**Your goal**
Whatever lies between the line that holds "東京郊外の新興住宅地に並ぶ低層マンション" and the final line of the records below, both included, should be repeated exactly; leave out the pictures and add nothing.

**Supplied data**

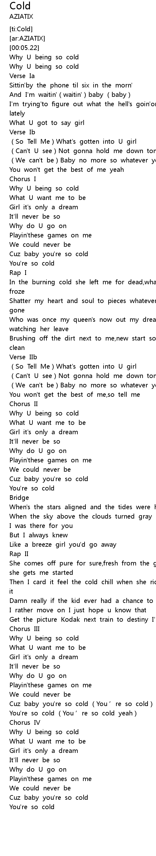 | [00:46.40] | Why U being so cold |
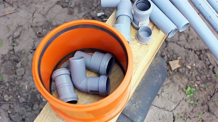 С другой стороны на трубку полива ставится соединительная муфта, колено, обычная муфта и переходник на 50 мм. При этом в стенке раструба оранжевой трубы делается небольшое отверстие для вывода переходника. Затем следует заглушить трубу 200 мм второй крышкой.
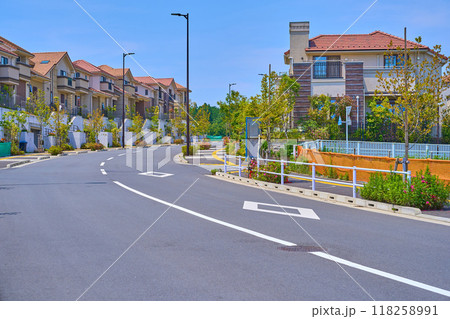 東京郊外の新興住宅地に並ぶ低層マンション
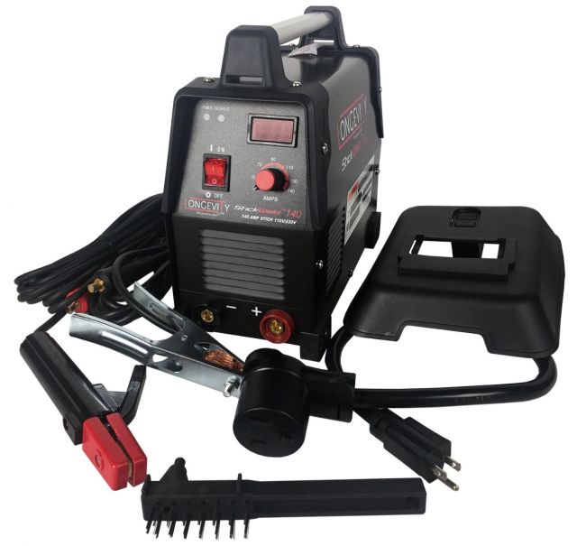 The Longevity STICKWELD 140 is an excellent portable, yet powerful stick welder that is capable of welding on both 110v and 220v welding current. This featherweight stick welder weighs in at 23 lbs and ranges in amperage from 30-140 when connected to a 220v outlet.
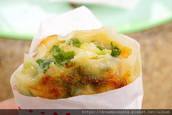 最不能錯過這個蔥蝦餅,餡餅裡面包著新鮮彈Q的蝦,熱燙又有肉汁,一整個很美味。
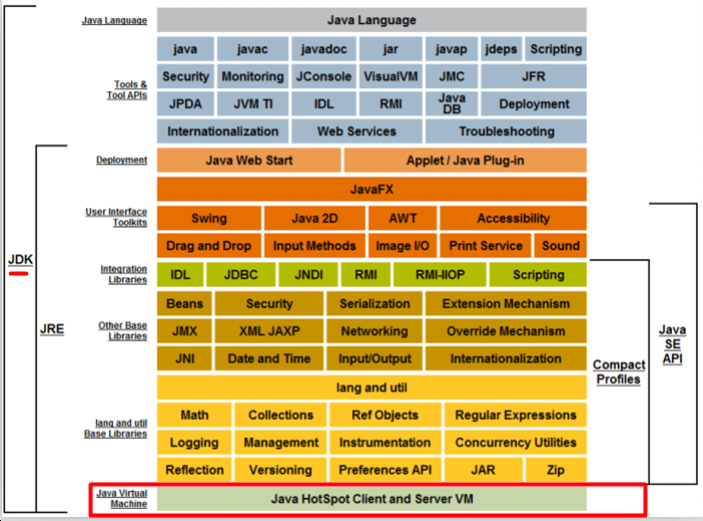 JRE(Java Runtime Environment):Java运行环境,如果要运行Java程序,就需要JRE的支持,JRE里包含JVM,一般在只运行程序而不开发程序的服务器中安装
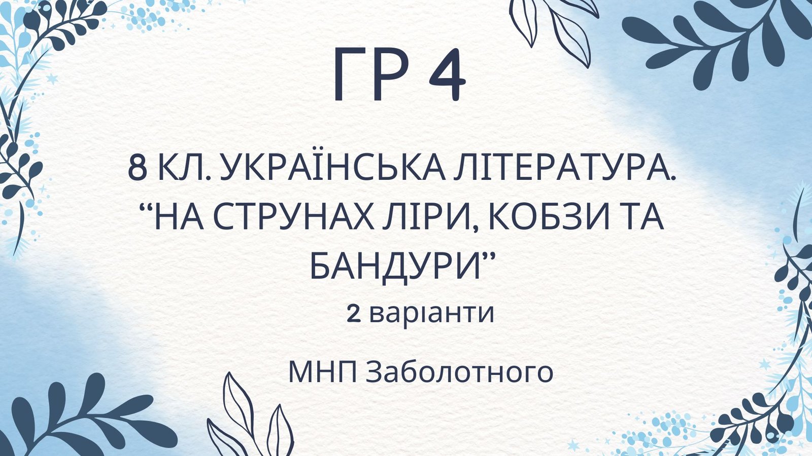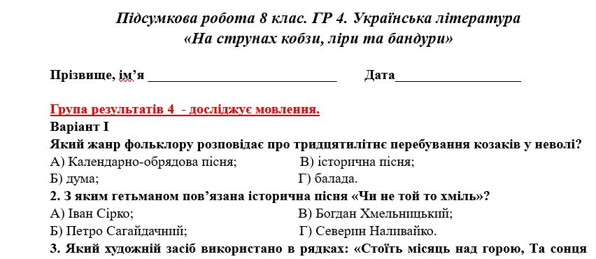 ГР 4. Підсумкова (діагностична) робота. 8 клас. Українська література. “На струнах кобзи, ліри та бандури” (МНП Заболотного)

**Problem solution**
 東京郊外の新興住宅地に並ぶ低層マンション
 The Longevity STICKWELD 140 is an excellent portable, yet powerful stick welder that is capable of welding on both 110v and 220v welding current. This featherweight stick welder weighs in at 23 lbs and ranges in amperage from 30-140 when connected to a 220v outlet.
 最不能錯過這個蔥蝦餅,餡餅裡面包著新鮮彈Q的蝦,熱燙又有肉汁,一整個很美味。
 JRE(Java Runtime Environment):Java运行环境,如果要运行Java程序,就需要JRE的支持,JRE里包含JVM,一般在只运行程序而不开发程序的服务器中安装
 ГР 4. Підсумкова (діагностична) робота. 8 клас. Українська література. “На струнах кобзи, ліри та бандури” (МНП Заболотного)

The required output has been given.